To be fair to the travel agent, he threw me back on a road towards salvation.  After unleashing my technological woes upon him and expressing my urgent need for peace, he told me I needed to go to the West of Ireland…to Galway, specifically, for the International Oyster Festival.

So it was to Galway that I flew, with my wife, the day following those sullen thoughts about technological advances and my gran’s descent from greatness.

We flew with the little known Aer Arann from Luton.  The plane had propellers on each wing. I had never been on such an antiquated plane but, peculiarly, I found the little propellers quite comforting as we spluttered across the Irish Sea.
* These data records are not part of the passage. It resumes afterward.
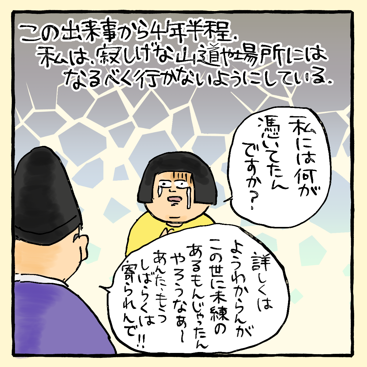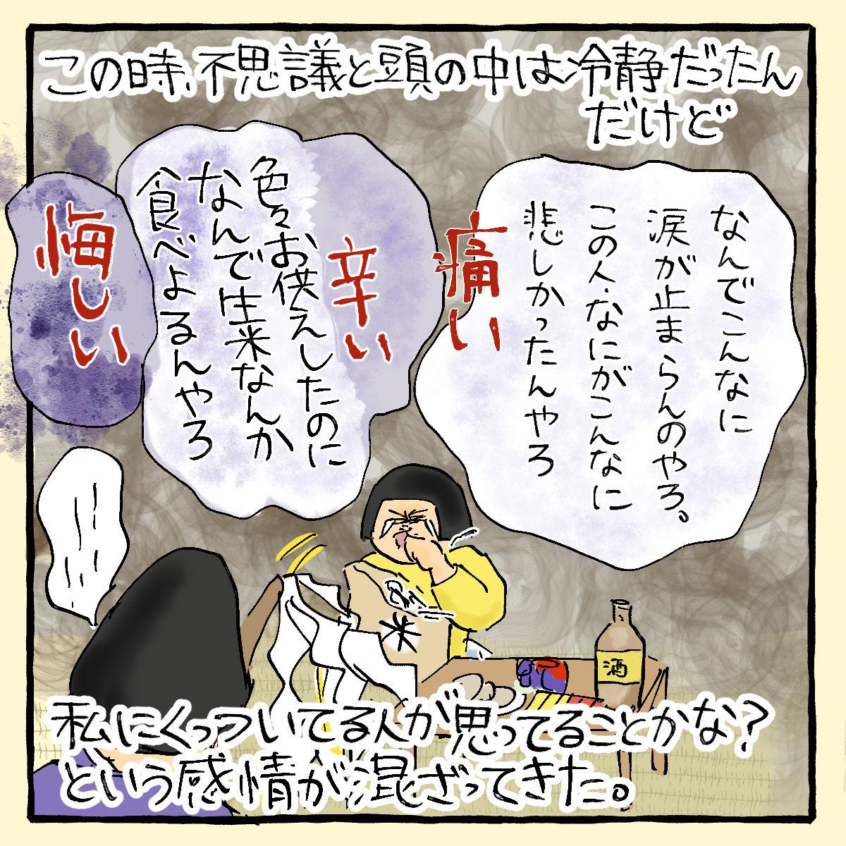 わたしの冷静な気持ちと、(多分)私にくっついてたのかな???の人の気持ちが混じりあって頭がゴチャゴチャになっていたところ……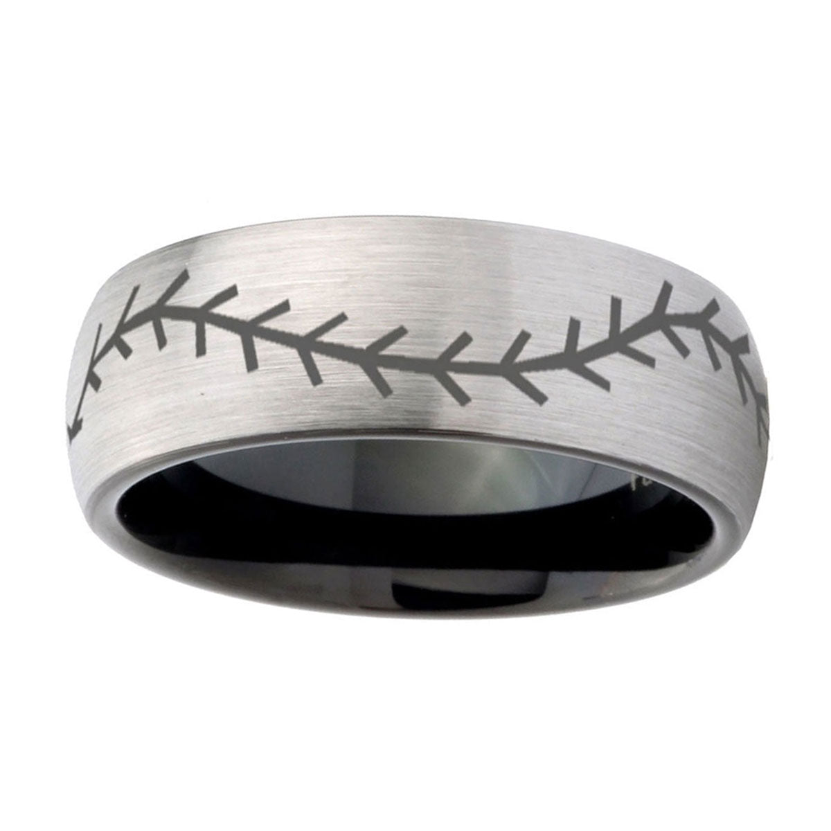 Introuding 6, 8mm Baseball Dome Tungsten Carbide Silver Black Personalized Ring . Offer in both 5mm and 8mm band width silver and black plated finished from size 4 to 14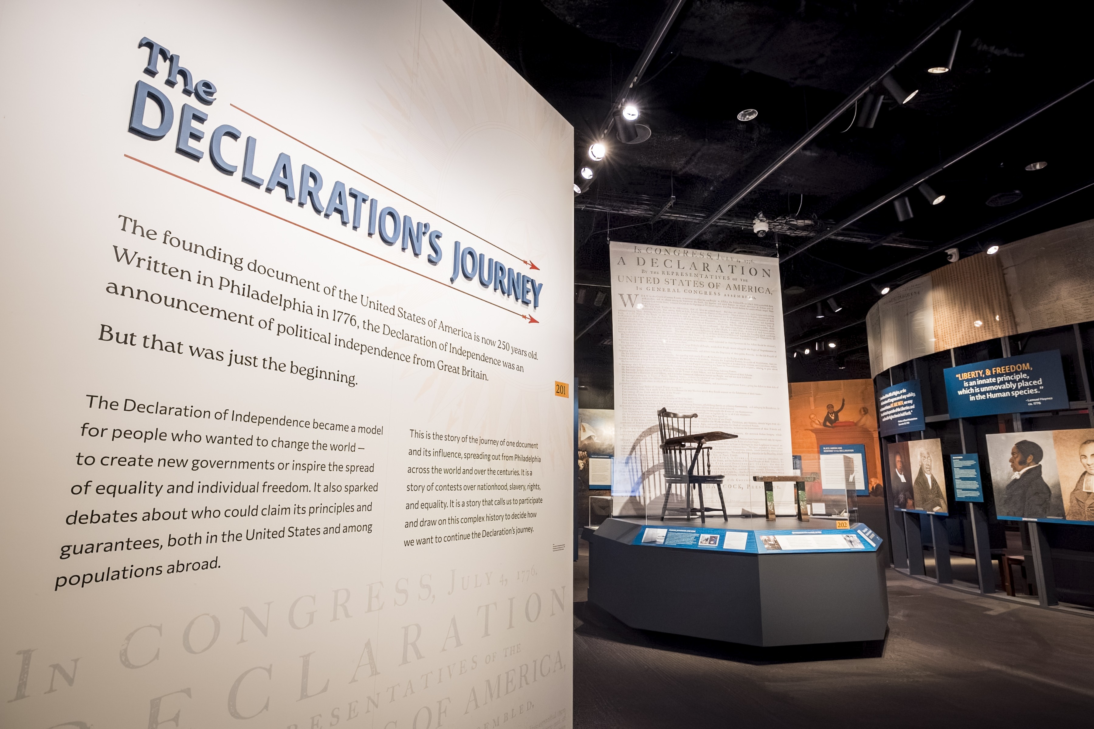 In addition to NEH grants to support the planning and implementation of The Declaration's Journey, a $2.2 million cooperative agreement between NEH and the Museum of the American Revolution is supporting public programs and educational resources to extend the exhibition's reach. These include a scholarly exhibition catalog and podcast series about the influence of the American Declaration of Independence on other international rights documents and movements, a public conference on the 250-year impact of the Declaration on international history, and an interactive digital resource that provides the history and context of passages of the Declaration and their connection to 450 other declarations of sovereignty and equality made across the globe since 1776.

On arrival at Galway airport we discovered that flights were incoming but temporarily not outgoing.  There was apparently a very dangerous oil slick on the runway.  There was a fire engine on hand but sitting idle along with its crew.  They all watched as 3 men in luminous jackets took it in turns to brush away the oil with a large broom.
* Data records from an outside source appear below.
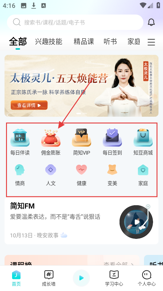 进入软件首页后,能看到不少功能入口。要是想查找情商类的内容,只需点击【情商】选项,就能浏览相关内容了。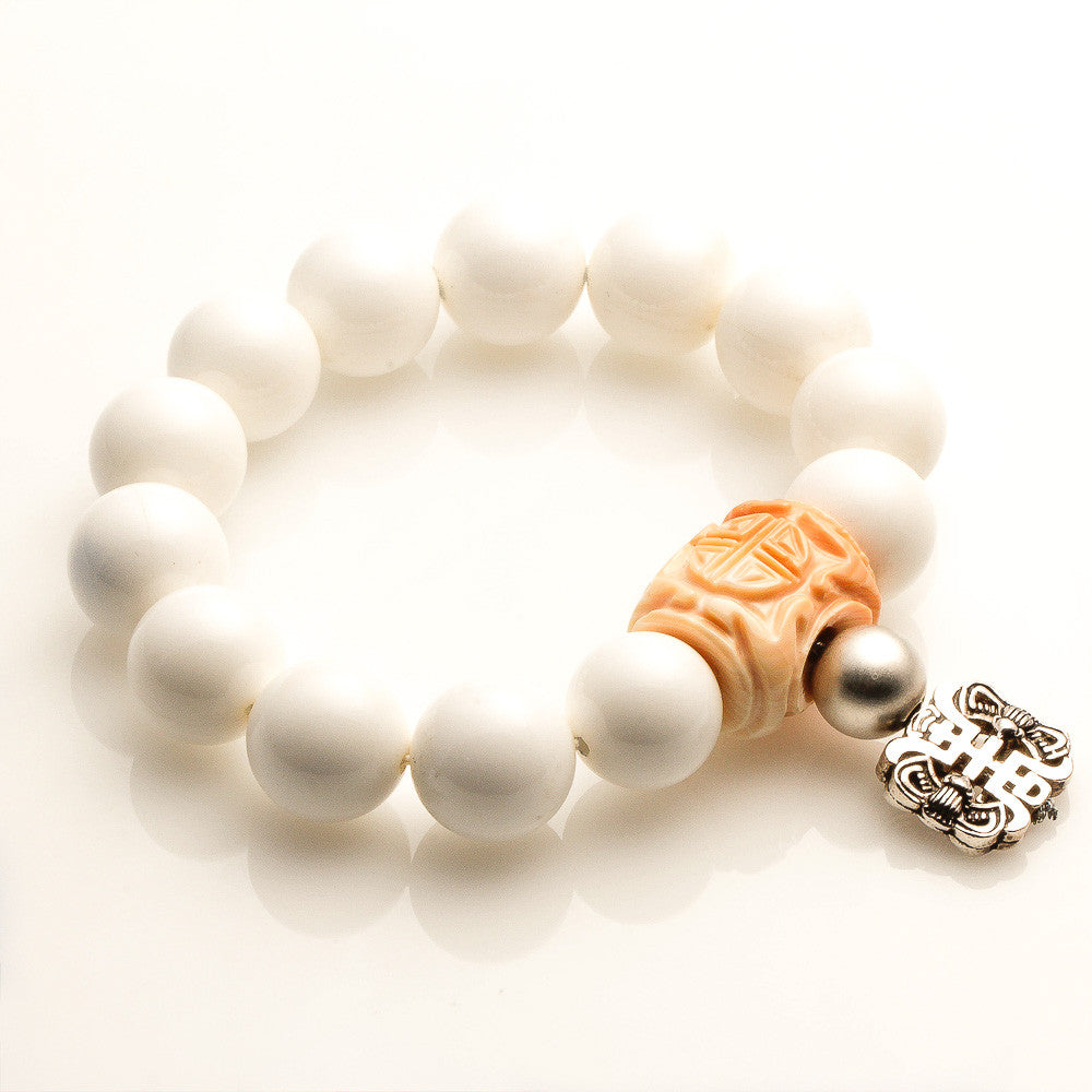 We used: 14mm White Tridacna Shell Beads, Peach Curve Tridacna Shell, 925 Matt Silver Bead and Longevity Symbol, with Elastic String.
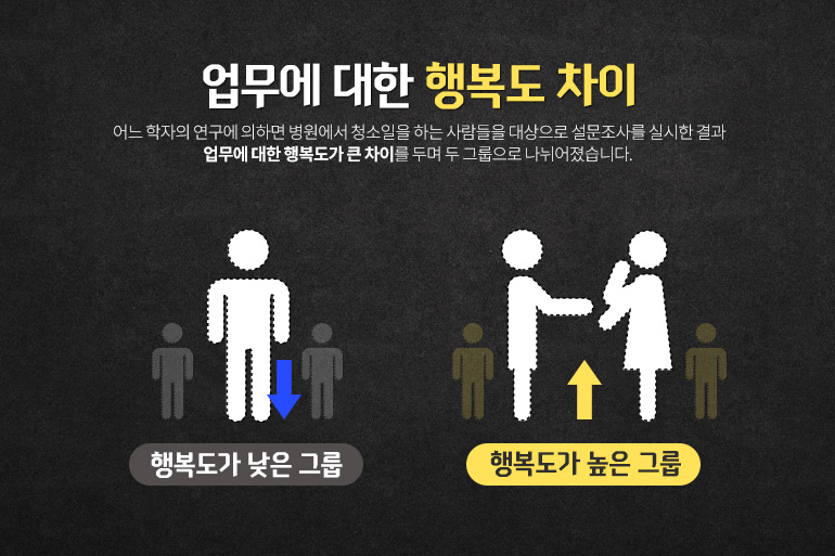 어느 학자의 연구에 의하면 병원에서 청소일을 하는 사람들을 대상으로 설문조사를 실시한 결과 업무에 대한 행복도가 큰 차이를 두며 두 그룹으로 나뉘어졌습니다.

As a consequence of the oil spill, the departure lounge was heaving.  To my surprise (but helping the process by which  tranquility, as a concept, was becoming reunited with my aching brain) there wasn’t an ounce of stress to be seen.  Some played cards; others drank Guinness; most were just talking and laughing.  There was not a phone or a laptop anywhere
.
“I’m going to like it here” I told my wife as we queued for a taxi. 

 Unfortunately our cab then ran out of petrol a mile out of the airport.  It was like water off a duck’s back to the driver – and by then to me as well. “That’ll be the children again - driving here, there and feckin everywhere without asking me….Still, serves me right for all those impure thoughts, eh?” 
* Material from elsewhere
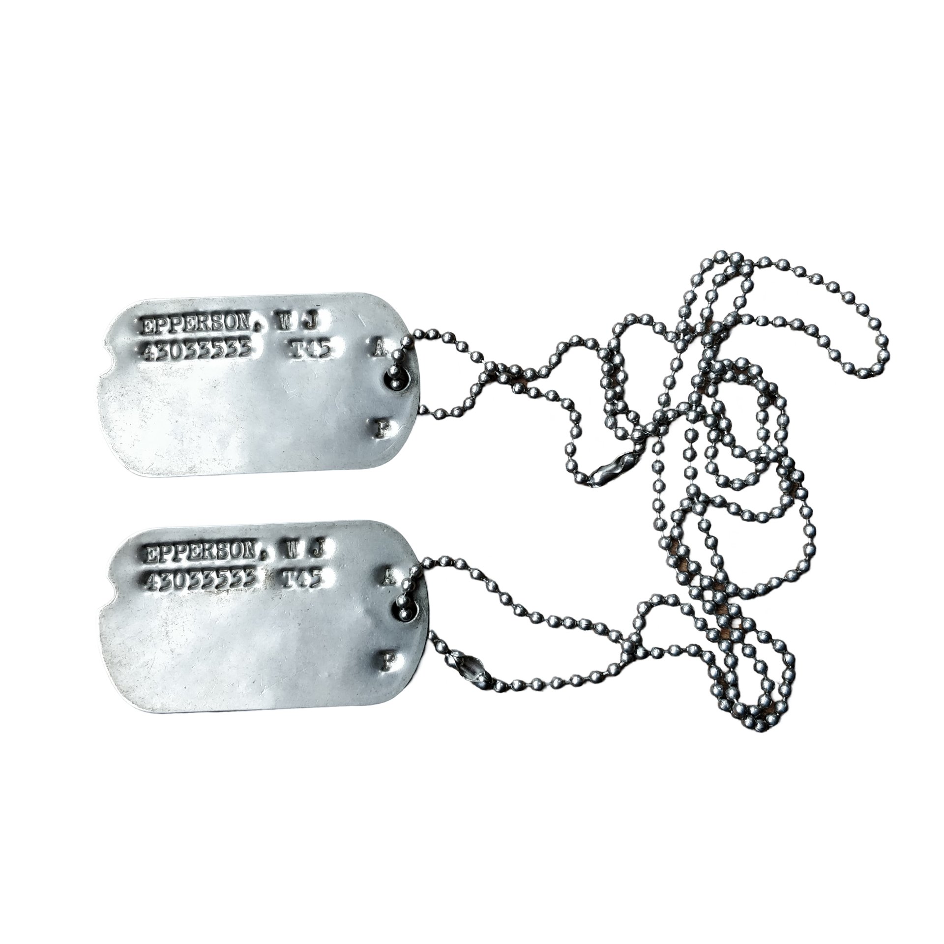 WWII Amerikaanse Dog Tag SetDe dog tag set is in nette staat en bestaat uit 2 plaatjes met ketting. Deze identificatie plaatjes werden door Amerikaanse soldaten gedragen tijdens de Tweede Wereldoorlog. Deze dog tags zijn op naam van Epperson. Een interessant stuk voor de US verzamelaar!WWII American Dog Tag SetThe dog tag set is in neat condition and consists of 2 plates with chain. These identification tags were worn by American soldiers during World War II. These dog tags are in the name of Epperson. An interesting piece for the US collector!

He had no phone to call for assistance.  As he started to walk up the road with a green plastic container from his boot, he shouted back that the gaelic football club 2 fields across would be a decent way to spend some of the afternoon.  “When God invented time, he made plenty of it - so enjoy the craic and I’ll pick you up in a bit.  The oysters will still be there tomorrow!”  We followed our orders.

Three hours (and a very exciting match) later our cabbie arrived back.  He appeared to be with his wife. He was fully suited and booted. The pair were clearly both  there for a good night out.  I caught our driver’s eye as he marched to the bar.  “Jesus, Mary and Joseph, I forgot all about you – I must get you both a pint now.”  He then turned slowly to his wife:  “For f##k’s sake I forgot to fill the cab up too.”

“You’ve a head like a colander” mused his wife “only not as useful” she continued.  “I wondered what you were doing with the petrol can when you came in” she concluded, her husband nodding to give full acknowledgement to his own ineptitude.

“We’ll get you a ride to your digs after I’ve told you the one about the four nuns at the farmyard….” said our errant taxi driver before proceeding to tell us every joke in his repertoire.  Time became lost after that.  We drank loads but we laughed loads more. 
By midnight we were on the football field learning the art of gaelic football with a cabbage…and between 1am and 3am we were back inside the clubhouse dancing to the Pogues and singing to U2.  All in all it was indeed a great craic!

The next morning we awoke in our B&B to the smell of bacon.  The bacon was accompanied by eggs collected from the backyard that morning by the owner’s daughter.  I had 3 mugs of tea to wash it all down – and it was heavenly.

Immediately after breakfast we were collected by our new friends from the night before. 

“Still no taxi, but it’s ok, we’ll walk to Morans in Kilcolgan – it’ll do us all the power of good."

Kilcolgan meant nothing to me, but after seven miles of wind in our faces and sun on our heads, we were there, by a weir, picking oysters from their shells and supping the creamiest Guinness within God’s creation.

The walk had been invigorating; the company enthralling; our destination both charming and reinvigorating in equal measure.    I felt alive again…and at no disadvantage at all for the absence of a tweet.  My wife sent a text to our son from the weir side: “C U L8er my luv. dad says iphone is yours. he luvs u 2!”

So if you nothing else in 2011, get yourself to Galway.  Happy New Year!!